TTFN and remember "It's medicinal, not alcohol!"
Michael (Too bone idle to go through all this registering lark at my age!)

TheFatBigot said...

I also have the task of preparing the festive feast while the rest of the family visits an ancient in-law who can't get about. I'd love to visit her too, she's a fine old bird, but tummies (young and old) need to be filled and it's hugely flattering that I am nominated to fill them with tasty fare.

Illness during a holiday period is most definitely a self-employed thing, but it never spoils festivities at FatBigot Towers.

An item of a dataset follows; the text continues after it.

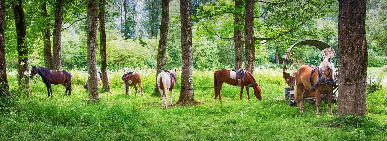 Mit dem Pferdeschlitten oder der Pferdekutsche zu gemütlichen Einkehrorten.

They tolerate me sneezing into nascent gravy or they get no gravy, and no one suffers any ill effects although it happens at least two years out of three.

Merry Christmas Mr P and a very happy New Year to you and all those dear to you. Thank you for all the entertainment and information you have provided in 2009.

Anonymous said...

Yep, I too have found that since being self-employed, I'm only - and usually - ill during time off!

There's a spray called "Ozium" which is apparently used by airline crew to deal with hotel room smoke.

And, yes, predictably, the anti-smoking mob have got their new kit ready for their fantasy that all smokers want to quit in the new year (sigh). We'll be even more inundated with ads until end January.


Beware of Geeks bearing GIFs said...

Merry Xmas all.

Running my own business for over a decade now, it is true: the only times I get ill are at Christmas or on holiday. Nothing too serious, normally the sniffles but it's great when everyone has flu during Oct/Nov and you seem to develop superhuman powers of immunity to it all then BANG: once the feet are up on the seat and the Laphroaig is uncorked the body's immune system takes a holiday.